I have a long format, repeated measures dataset. I have 19 variables (columns) - all representing individual questions on a 19 item scale. For my main analysis, I use the sum total of these 19 items across each row in the dataset (and a GEE analysis, with the sum total of the 19 items as the dependent var, and time and treatment group as the independent vars). However there are two issues going on with missing data. (1) is the usual issue - some of the rows in my dataset are missing a data point at some of the columns in the 19 item dataset - this means that when I take the sum total across the 19 items, if one datapoint is missing, the sum total variable is missing for that row. Sometimes only a single datapoint is missing (so 1 of 19 for that row) - leading to a total loss of that rows information. I put all 19 columns/variables into SPSS's "Missing data analysis" routine, and used the EM choice to test against MCAR - and it was not MCAR (but I am not sure if it is missing at random - or non ignorable and Im not sure how to tell the difference. I did a frequency count on the sum total variable, and it says that about 13% of the rows in the dataset are missing. I would very much like to impute the missing data - but not sure how.

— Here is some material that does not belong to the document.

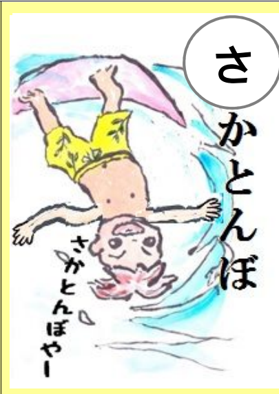
さかとんぼやー さかさまやー

And point (2) with this data is that I have differential attrition between two treatment groups. SO in the active drug treatment, people tend to stay for the 9 days of inpatient treatment or thereabouts. In the placebo treatment, people tended to leave the study earlier. This means that this main outcome measure (the 19 item scale that I sum to get a sum total variable) only has say 4 days (rows) worth of data (less than 9 days), but the people who stayed for 9 days have 9 days worth of data (9 rows in the long format dataset required for a GEE analysis). I think this means the data is NOT missing at random and is therefor non ignorable. Everything I have read says this is bad - and is very difficult to fix.... I was thinking I could just insert the remaining rows (e.g. add rows 5 - 9 for those people who left the study on day 4) and do a Last observation carried forwards... but I know there are probs with this - would this be a valid approach?

But really what I want to know is, when I do my test to see if the obs are MCAR, should I have added the remaining rows of blank data for those who left the study early - and left it blank? Or should you calculate whether data is MCAR before adding xtra blank rows to the dataset to fill every person out to 9 days of data with LOCF

Sorry if not very coherent - this is a new area for me. Perhaps what it needs is a multiple imputation step on the raw database - followed by adding in the extra rows for an additional LOCF analysis??

Many thanks for your help in advance

Dave